SOURCE MATERIAL START
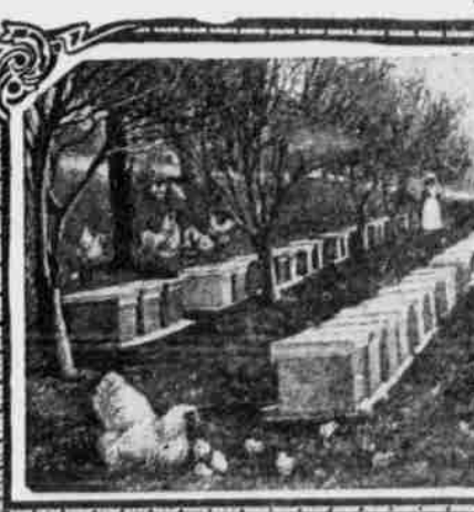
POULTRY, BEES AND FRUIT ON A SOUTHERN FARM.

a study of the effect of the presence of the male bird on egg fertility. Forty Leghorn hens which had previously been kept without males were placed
SOURCE MATERIAL END
SOURCE MATERIAL START
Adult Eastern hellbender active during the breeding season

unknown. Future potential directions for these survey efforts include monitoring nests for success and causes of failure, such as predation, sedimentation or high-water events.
SOURCE MATERIAL END
(ABOUT THIS EXERCISE): Please give back exactly the lines of this listing beginning at the line with "POULTRY, BEES AND FRUIT ON A SOUTHERN FARM." and ending with the line with "a study of the", both included, and nothing else.

(FINAL ANSWER):
POULTRY, BEES AND FRUIT ON A SOUTHERN FARM.

a study of the effect of the presence of the male bird on egg fertility. Forty Leghorn hens which had previously been kept without males were placed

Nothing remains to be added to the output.